Colorado Rockies – No. 52
- Pitcher
- Born: May 29, 1998 (age 28) Columbia, South Carolina, U.S.
- Bats: RightThrows: Right

MLB debut
- June 2, 2026, for the Colorado Rockies

MLB statistics (through August 17, 2026)
- Win–loss record: 0–0
- Earned run average: 8.22
- Strikeouts: 7

Teams
- Colorado Rockies (2026–present);

= TJ Shook =

American baseball player (born 1998)

Franklin Todd "TJ" Shook (born May 29, 1998) is an American professional baseball pitcher for the Colorado Rockies of Major League Baseball (MLB).

==Career==
Shook played college baseball at the University of South Carolina.

===Milwaukee Brewers===
On July 24, 2020, Shook signed with the Milwaukee Brewers after going unselected in the 2020 MLB draft. He did not appear for the organization during the year due to the cancellation of the minor league season because of the COVID-19 pandemic. Shook made his professional debut in 2021, accumulating a 5-2 record and 4.96 ERA with 71 strikeouts across 13 starts split between the rookie-level Arizona Complex League Brewers, Single-A Carolina Mudcats, and High-A Wisconsin Timber Rattlers.

Shook made 25 appearances (including 21 starts) for Wisconsin and the Double-A Biloxi Shuckers during the 2022 campaign, accumulating a 6-3 record and 4.74 ERA with 118 strikeouts over 114 innings of work. He returned to Biloxi for the 2023 season, registering a 7-5 record and 4.62 ERA with 107 strikeouts across 25 games (12 starts).

Shook made 17 appearances (11 starts) for Biloxi in 2024, compiling a 5-7 record and 4.90 ERA with 77 strikeouts across 64 1/3 innings pitched.

===New York Mets===
On July 21, 2024, Shook was traded to the New York Mets in exchange for Tyler Jay.

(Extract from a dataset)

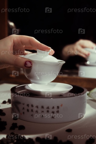 Спокойная чайная церемония, которая прекрасно изображает руку, наливающую чай из изысканно сделанных фарфоровых продуктов

He made 13 appearances down the stretch for the Double-A Binghamton Rumble Ponies, posting a 3-4 record and 3.92 ERA with 30 strikeouts and four saves across 20 2/3 innings pitched.

Shook split the 2025 season between Binghamton and the Triple-A Syracuse Mets. In 36 appearances (including two starts) for the two affiliates, Shook logged a cumulative 6-2 record and 2.41 ERA with 61 strikeouts and eight saves over 56 innings of work.

===Colorado Rockies===
On December 10, 2025, the Colorado Rockies selected Shook from the Mets with the first overall selection in the minor league phase of the Rule 5 draft. He was assigned to the Triple-A Albuquerque Isotopes to begin the 2026 season.

On June 1, 2026, Shook was selected to the 40-man roster and promoted to the major leagues for the first time. He made his MLB debut the following day, tossing a scoreless inning against the Los Angeles Angels.